Delante tenía la vieja fábrica de harina y el almacén. Aislado del pueblo por unos veinte kilómetros y rodeado de bosque, ese lugar servía para pocas cosas.
Hacía años que no había estado allí. El lugar estaba en su lista de sitios peligrosos, un desastre en potencia que solo esperaba a suceder.
En parte, su trabajo consistía en mantener esos sitios libres de gente sin hogar, jóvenes traviesos y amantes desesperados.
Delante había aparcado un pequeño deportivo.
–¡Maldita sea!
–¡Dax McCall!
–Lo siento. tengo que colgar, Shel.
Cortó la comunicación y se rio. Su hermana iba a estar dándole vueltas a eso durante una buena media hora antes de volver a llamar. Tiempo suficiente como para sacar de allí a quien fuera.
La puerta del edificio estaba cerrada y, al parecer, nadie la había forzado, lo que significaba que, quien fuera, tenía una llave.
Un agente de la propiedad.
Agitó disgustado la cabeza. Ese lugar se podía caer en cualquier momento.

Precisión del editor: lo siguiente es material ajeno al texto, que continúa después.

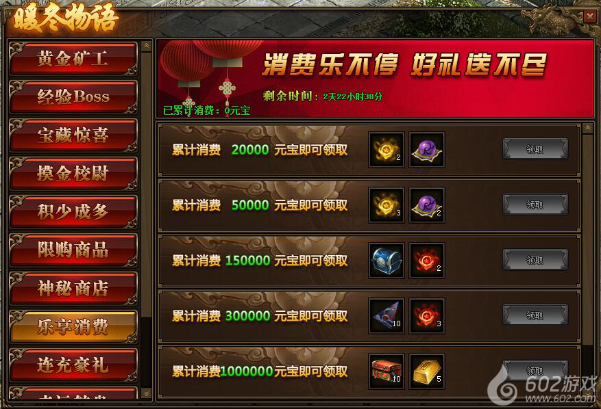 1、活动期间,玩家累计消费满足要求,可以领取洪荒首饰、修罗之羽宝盒、传世灵戒等相应奖励;
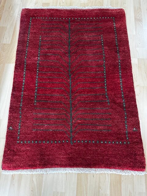 Fine hand knotted tribal wool on cotton Rug from Gabbeh in Shiraz with Tree of life patterns . Size:118 x 120 cm
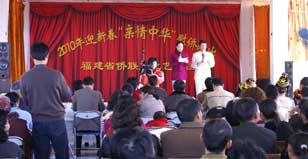 當(dāng)日下午,福建省僑聯(lián)文化藝術(shù)團(tuán)在農(nóng)場(chǎng)中學(xué)禮堂舉行了2010年迎新春“親情中華”慰?jī)S演出活動(dòng),這也是福建省僑聯(lián)文化藝術(shù)團(tuán)成立不久以來首次下鄉(xiāng)正式演出,意義不同尋常。藝術(shù)團(tuán)準(zhǔn)備的13個(gè)節(jié)目個(gè)個(gè)精彩,舞蹈《大唐華章》展現(xiàn)了盛唐中國(guó)的瑰麗風(fēng)采,葫蘆絲獨(dú)奏《月光下的鳳尾竹》把人們帶入了月光盈盈、竹影婆娑的美好境界,情景舞蹈《洗衣歌》使人領(lǐng)略了藏族風(fēng)情和軍民魚水情誼,等等。演出得到了僑場(chǎng)歸僑僑眷的熱烈歡迎,領(lǐng)導(dǎo)群眾歡聚一堂共賞精彩節(jié)目,氣氛熱烈祥和。(唐宜)
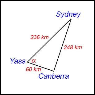 Through what angle (α) (to the nearest degree) must the pilot turn, while over Yass, to head towards Canberra?
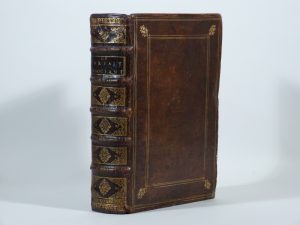 Le Parfait négociant, ou Instruction générale pour ce qui regarde le commerce des marchandises de France, et des pays estrangers. Paris, Louis Billaine, Jean Guignard, 1679. 2 parties en un volume in-4, veau granité, décor à la Du Seuil, dos orné, roulette sur les coupes, tranches jaspées (Reliure de l'époque). Seconde édition, en partie originale. Publiée quatre ans après la première édition, elle a été augmentée par l'auteur de plusieurs questions sur le commerce des lettres et billets de change, les faillites, le Banco de Venise, le commerce des soies de Messine, etc. Elle est suivie d'un intéressant Traité du commerce qui se fait par la mer Méditerranée dans toutes les échelles du Levant, dont Chypre, Constantinople, Alexandrie et Le Caire. L'ouvrage comprend une planche hors texte présentant des balances, ainsi qu'une vignette aux armes de Colbert et une lettrine dans l'épître dédicatoire. Dans cet exemplaire, la première partie est à l'adresse de Louis Billaine et la seconde à celle Jean Guignard. Reliure restaurée, coiffes refaites, gardes renouvelées, quelques petites mouillures et feuillets brunis.
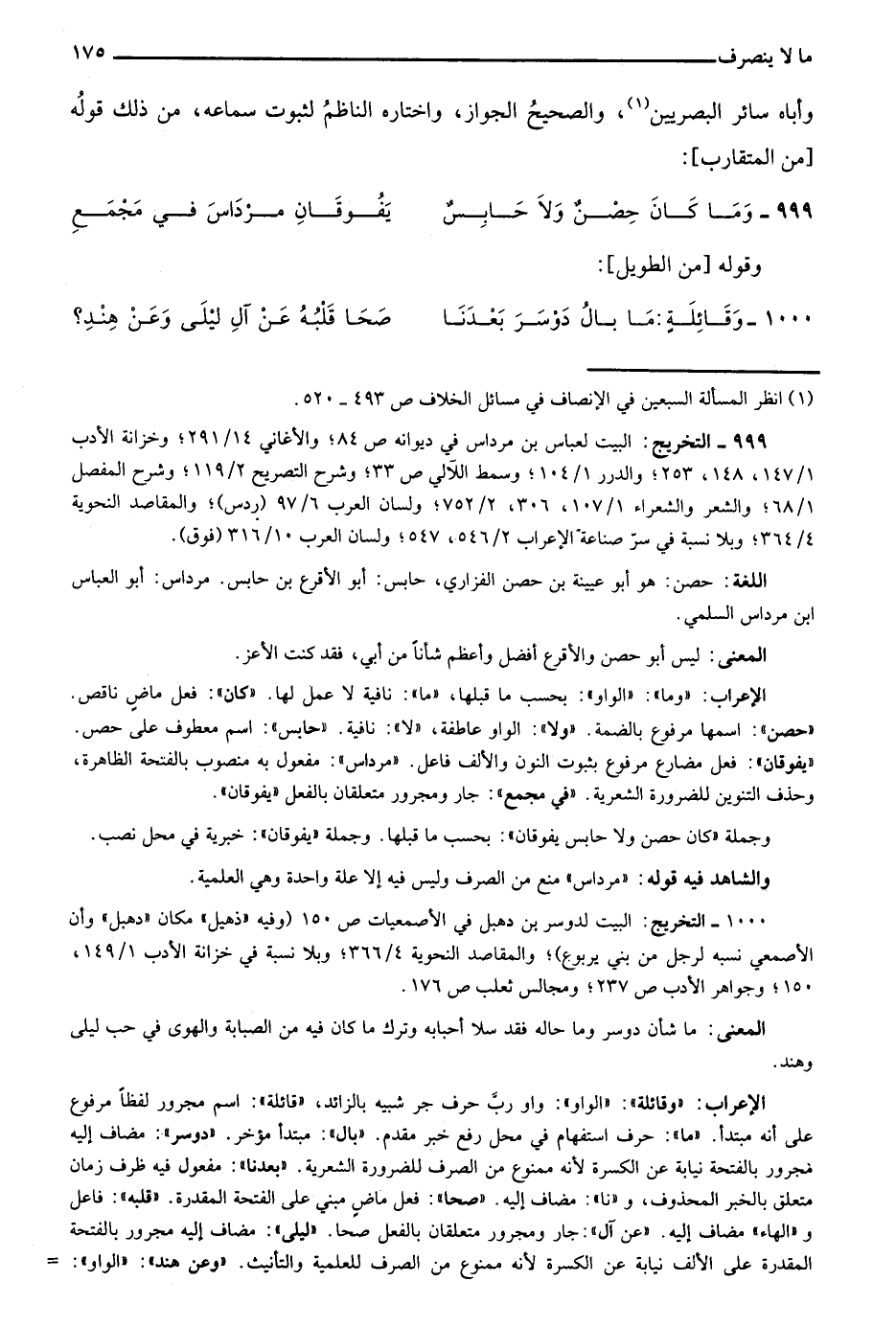 999- التخريج: البيت لعباس بن مرداس في ديوانه ص84؛ والأغاني 14/ 291؛ وخزانة الأدب 1/ 147، 148، 253؛ والدرر 1/ 104؛ وسمط اللآلي ص33؛ وشرح التصريح 2/ 119؛ وشرح المفصل 1/ 68، والشعر والشعراء 1/ 107، 306، 2/ 752؛ ولسان العرب 6/ 97 "ردس"؛ والمقاصد النحوية 4/ 346؛ وبلا نسبة في سر صناعة الإعراب 2/ 546، 547؛ ولسان العرب 10/ 316 "فوق".
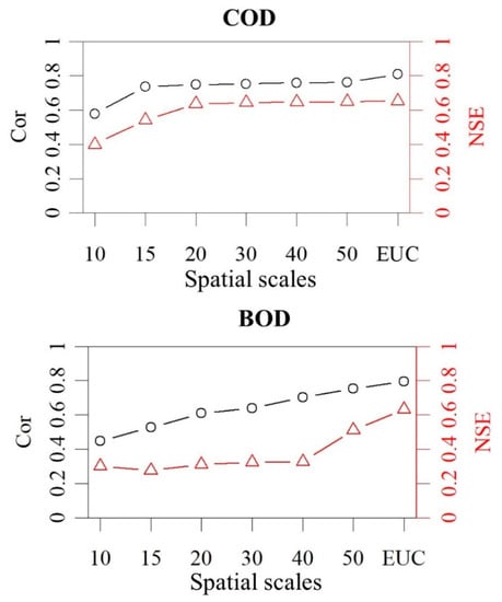 Table 6), which were about 30 times higher in the EUC scale than those in the 10 km radii scale. It is the main reason why human activities in the catchment scale could give the best explanation to variations of COD and BOD in the HRB. The results suggested that efficient strategies for better water environment protection should consider different spatial scales based on different characteristics of contaminants matters. Accordingly, for unstable water quality indicators, more attention should be paid in local scales around monitor stations, while for stable contaminants, management on the whole catchments should be implemented.
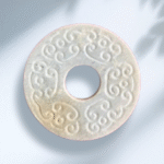 This Han Dynasty jade pendant with cloud and groove patterns is an exquisitely crafted and elegantly decorated piece. Carved from fine jade, its surface is adorned with flowing cloud and groove patterns. The undulating lines resemble swirling clouds, reflecting the Han Dynasty people’s reverence for the natural world. Cloud and groove patterns symbolize auspiciousness and continuity, and were often used in ceremonies or as personal adornments to pray for blessings and good fortune. This jade pendant not only showcases the superb jade carving skills of the Han Dynasty but also reflects the cultural spirit of the time, which emphasized harmony, etiquette, and aesthetics.
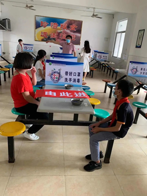 三元區巖前中心小學 巖前中心小學通過主題班會開展防疫知識培訓,要求學生要守紀律、講衛生,有秩序上下學。同時,為保證午餐時間學生不扎堆、講秩序,以班級為單位開展了放學后用餐演練,指導學生有序排隊、洗手、領餐、用餐及餐后按規定路線返回班級或宿舍。
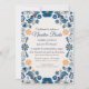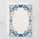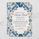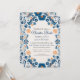 This Blue Orange Floral Elegant Fiesta Spanish Wedding Invitation design features an intricate floral pattern that wraps around the border, showcasing delicate blue and orange flowers interwoven with curling vines and leaves. The color palette, consisting mainly of soft blues with touches of warm orange, creates a harmonious contrast, evoking a hand-painted, artisanal quality. The symmetry of the design along with the detailed floral motifs adds a traditional, handcrafted charm, reminiscent of Mexican folk art.
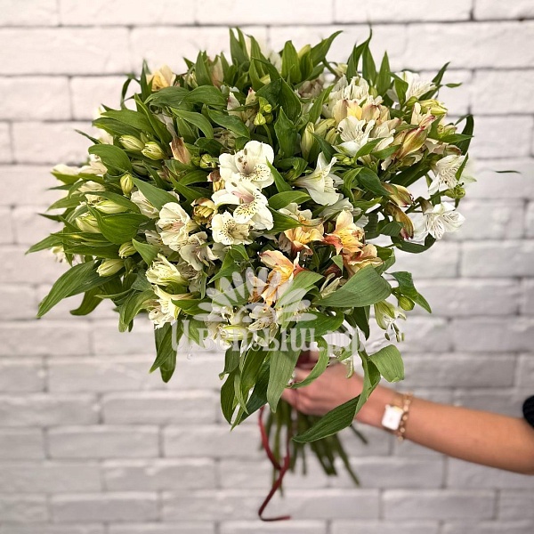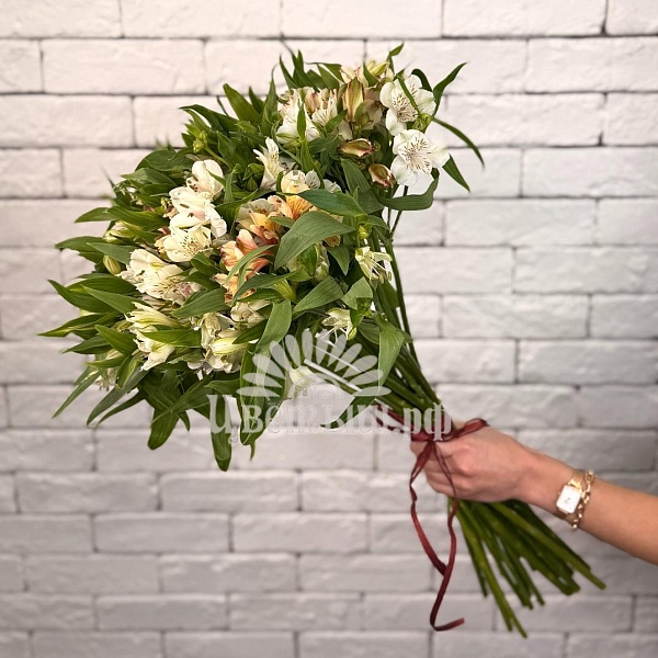 Букет из 25 белых альстромерий — классический символ нежности и благородства. Эти изящные цветы с их чистейшим белым оттенком и грациозными линиями говорят об искренней заботе, восхищении и пожелании удачи. Букет выглядит свежо, современно и стильно, идеально подходит для любого светлого повода.
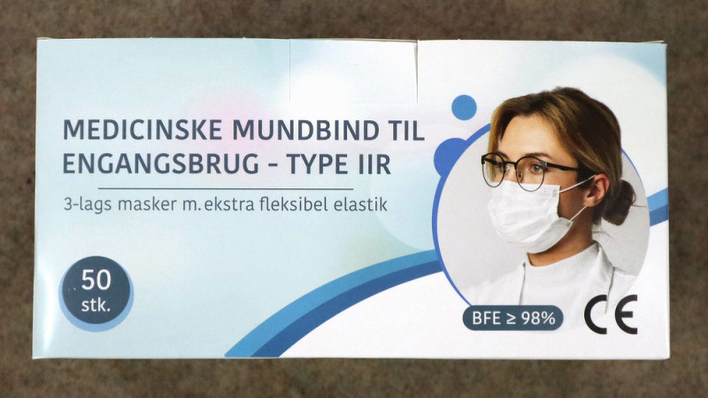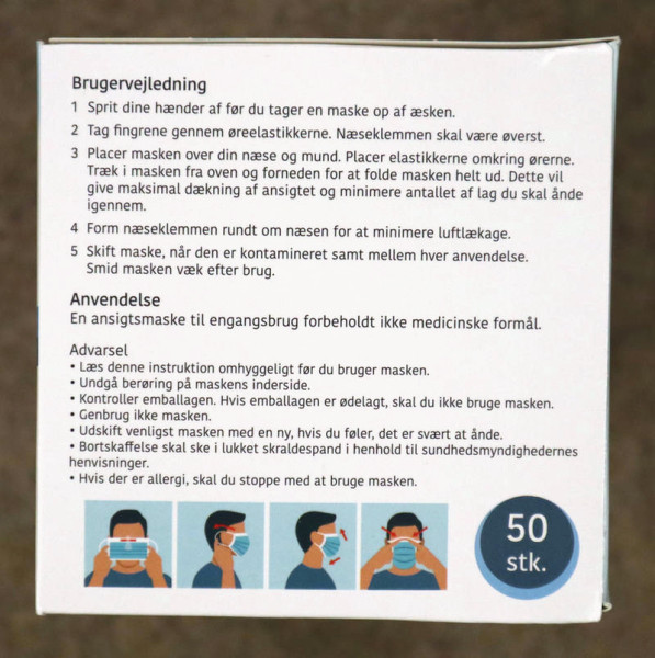 Pakke med 50 stk. CE godkendte IIR mundbind med næseklemme og øreelastik.
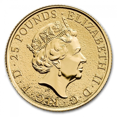 Золотой Королевский Гриффон это вторая золотая монета в серии "Звери королевы" Монета 2017 года номиналами в 100 и 25 фунтов и весом в 1 и 1/4 тройскую унции. Монета продолжает серию десяти геральдических статуях, связанных с родословной королевы Елизаветы II. Монета Королеский Гриффон Эдварда III состоит из геральдического зверя, находящегося над щитом, на котором изображены знаки связанные с королем Эдуардом III. Щит стоит по центру монеты с циркулирующей надписью на левой стороне - GRIFFIN OF EDWARD III. Монета разработана Королевским монетным двором Великобритании, художник Джоди Кларк. Вес 1/4 унции составляет 7,8 грамма и диаметром 22 мм, при номинале 25 фунтов. Чистота золотых монет 999,9.

¿Quién podría querer comprar algo así?
¿Y por qué iba a querer alguien entrar ahí? Mientras lo pensaba, golpeó la puerta deseando enfrentarse con el idiota que hubiera decidido meterse en un edificio tan inseguro.
No contestó nadie.
Dax, sintiendo curiosidad, rodeó el edificio, llamando en voz alta, pero solo respondió el silencio.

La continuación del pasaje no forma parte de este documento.